Kate and her husband recently moved house and I’ve been following that story with interest because, you know, moving is kind of my thing. I know the drill only too well and it amuses me to read other people’s stories of the trials and tribulations of a move. Kate has done it with aplomb, still working in the field of finance, cooking deliciousness and recently posting a fabulous mushroom lasagna roll from under a pile of boxes with scant kitchen equipment. She’s an avid gardener so her recipes often take advantage of that fresh, homegrown bounty. I’m so jealous of the rich soil of Indiana!

So, I needed to hunt for picnic friendly recipes! I love taking salads along to picnics or potlucks so that’s where I started my search. I was spoiled for choice on Kate’s blog, bookmarking her Blueberry Watermelon Salad with mint and lemon, Lana’s Chicken Salad with roasted chicken, grapes and pecans, her Lemon Apricot Salad with lemon curd (!) stirred through it,  Green Bead Salad with Black Beluga Lentils made with tasty sun-dried tomatoes and salami, and Kate’s lovely Blue Cheese Potato Salad with bacon.  I simply couldn’t not make up my mind until I got to the Tuscan Beans with Tuna. Sold! We ate it for dinner with yesterday's Chickpea Moroccan Flatbread.

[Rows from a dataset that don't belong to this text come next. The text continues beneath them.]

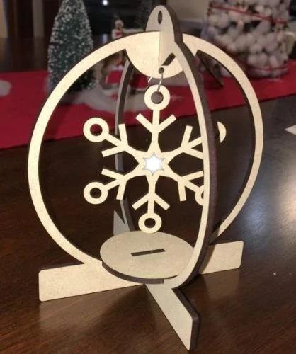 This Christmas Snowflake Ornament Stand design is optimized for CNC laser cutting and comes in ZIP vector format. Cut it on wood, MDF, or acrylic using LightBurn, AutoCAD, or CorelDRAW for precise results.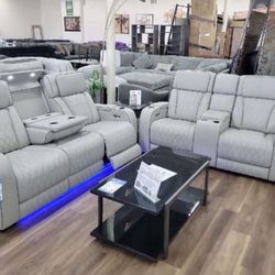 New Gray Genuine Leather Reclining Sofa And Love Seat Couch Set With USB Ports, Cup Holders, And LED Lights $3,199Phoenix, AZ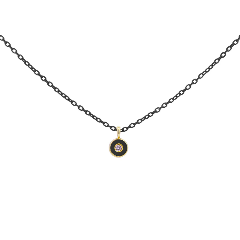 Girocollo con soggetto diamond Dot e smalto nero realizzato in oro 18 KT e rifinito a mano e catena verniciata color nero su base argento925.
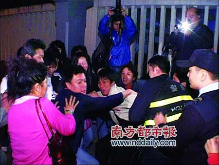 晚上近8時(shí),涉事警員在同僚護(hù)送下上了警車(chē),現(xiàn)場(chǎng)游客見(jiàn)狀一擁而上,要求相關(guān)警員留下,雙方發(fā)生推撞。其間,多名警員強(qiáng)行將姓董的領(lǐng)隊(duì)及男領(lǐng)隊(duì)等5人帶走,游客見(jiàn)狀阻止。

The couple of minor changes I made:
I was catering for one vegetarian (younger daughter) who isn’t so strict that meat or fish can’t touch her veggies but she didn’t want to eat the actual tuna so I just made little piles of it on top instead of mixing it in. If you want to make this strictly vegetarian, use olive oil instead of the tuna oil. And, obviously, leave off the tuna itself. Kate’s salad called for normal kale, which was on my shopping list, but I couldn’t resist the gorgeous purple kale I came across in my nearby supermarket. Kate adapted this recipe herself from Food Network where they used garlic and cooked the kale. I liked her easy no-cook method but decided to keep the original garlic since we are fans and I totally forgot to buy Italian dressing. Massaging the kale with the oil and vinegar softens it nicely without cooking if you want to serve immediately. Otherwise just mixing everything and leaving it for a while works great too, especially if you are taking it along to a picnic.

3 cloves garlic
3 tablespoons white balsamic
Kosher salt and freshly ground pepper
2 cans (5 oz or 151g each) tuna packed in olive oil
1/2 lb or 225g purple kale (I medium head – bigger or smaller will still work.)
1 15.5 oz or 439g can cannellini beans, drained and rinsed
1 cup or 170g grape tomatoes
3 inner stalks celery with some leaves
3/4 cup or 100g pitted ripe black olives
3.5 oz or 100g roasted red peppers
Salt and pepper to taste

Chop your garlic and put it in a big salad bowl with the vinegar and a sprinkle of salt and pepper while you get on with the rest of the salad. This takes a little of the sharpness off of the garlic.

Cut your little tomatoes in half. Pull the strings off of the celery and chop it into pieces.

Remove the hard stems from your kale and cut the bigger leaves into smaller pieces. Small leaves can be left intact. If you are using thicker dark green kale, slice it finely.

How could I resist?!

Squeeze the tuna oil into the salad bowl with the garlic and vinegar and give it a stir and a sprinkle of salt and freshly ground black pepper. Set the tuna aside for later.

Add in the kale and use your hands to massage the dressing into the leaves.

Slice your olives and roasted peppers.

Put everything, including the rinsed cannellini beans, into the bowl with the garlic, vinegar and oil. Toss to combine. Add salt and pepper to taste.

Add the tuna and toss again. (Or set it on the top of the salad.)